■ Exercise description: Keep the images out and set the listing below down word for word.

(Exercise data Opens)

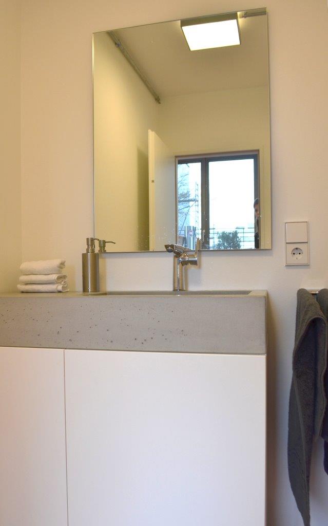 Der Zugang zum Konferenzraum kann sowohl vom Eingangsbereich als auch von den Arbeitsplätzen aus erfolgen, um den Mitarbeitern den Zugang zu vereinfachen. Die Trennwände bestehen komplett aus Glas, die somit ein angenehmes lichtdurchflutetes Arbeitsklima schaffen. raum in form konzipierte die Möblierung und Beleuchtung so, dass die Arbeitsplätze jederzeit um bis zu sechs weitere Plätze erweiterbar sind. Im 1. OG war der Wunsch des Bauherrn, einen angenehmen Mitarbeiterbereich zu schaffen, indem gemeinsam gekocht, gegessen und relaxt werden kann. Der Sanitärbereich wurde zeitgemäß modernisiert, ein moderner Betonwaschtisch mit Unterschrank, der viel Stauraum bietet, ist hierbei der Blickfang.
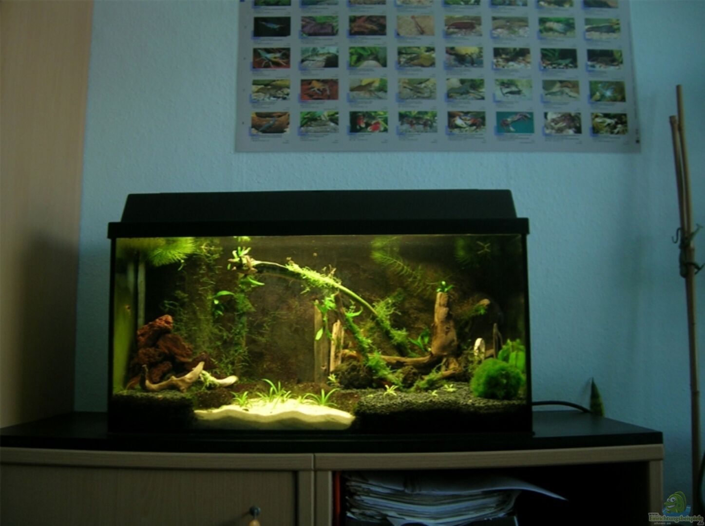 Standart Juwel Becken läuft seit Juni 07. Die Rückwand und die Terassen sind selbstgebaut (nach Internetanleitungen). Die beiden Terassen sind so angeordnet, dass sich eine Art nach hinten verjüngende Bucht ergibt. Durch die ??ffnung nach vorne ergibt sich, dass sich der komplette Sandbereich in einem Winkel von bis zu 90° betrachten lässt. (Herstellung siehe Blog)
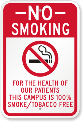 Tobacco Free School Sign: No Smoking - For The Health Of Our Patients This Campus Is 100% Smoke/Tobacco Free K-9852
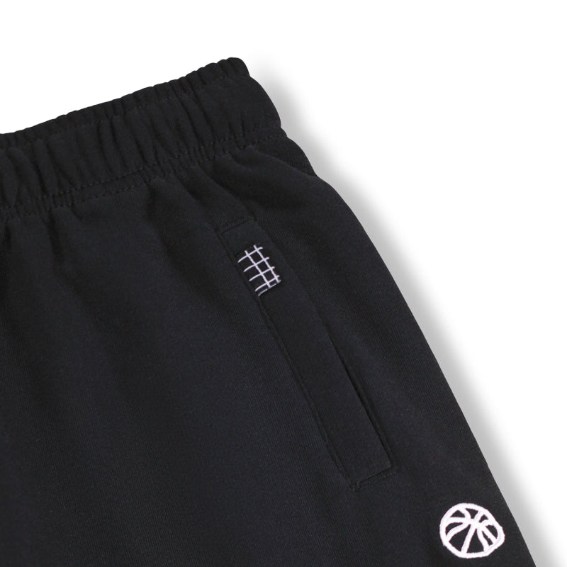 these molo black sweatpants feature a small basketball graphic embroidered on the hip for a playful touch. designed with an adjustable drawstring waist and ribbed ankles, they offer a comfortable, customizable fit perfect for everyday wear.

(Exercise data Closes)

■ Answer for the task:
 Der Zugang zum Konferenzraum kann sowohl vom Eingangsbereich als auch von den Arbeitsplätzen aus erfolgen, um den Mitarbeitern den Zugang zu vereinfachen. Die Trennwände bestehen komplett aus Glas, die somit ein angenehmes lichtdurchflutetes Arbeitsklima schaffen. raum in form konzipierte die Möblierung und Beleuchtung so, dass die Arbeitsplätze jederzeit um bis zu sechs weitere Plätze erweiterbar sind. Im 1. OG war der Wunsch des Bauherrn, einen angenehmen Mitarbeiterbereich zu schaffen, indem gemeinsam gekocht, gegessen und relaxt werden kann. Der Sanitärbereich wurde zeitgemäß modernisiert, ein moderner Betonwaschtisch mit Unterschrank, der viel Stauraum bietet, ist hierbei der Blickfang.
 Standart Juwel Becken läuft seit Juni 07. Die Rückwand und die Terassen sind selbstgebaut (nach Internetanleitungen). Die beiden Terassen sind so angeordnet, dass sich eine Art nach hinten verjüngende Bucht ergibt. Durch die ??ffnung nach vorne ergibt sich, dass sich der komplette Sandbereich in einem Winkel von bis zu 90° betrachten lässt. (Herstellung siehe Blog)
 Tobacco Free School Sign: No Smoking - For The Health Of Our Patients This Campus Is 100% Smoke/Tobacco Free K-9852
 these molo black sweatpants feature a small basketball graphic embroidered on the hip for a playful touch. designed with an adjustable drawstring waist and ribbed ankles, they offer a comfortable, customizable fit perfect for everyday wear.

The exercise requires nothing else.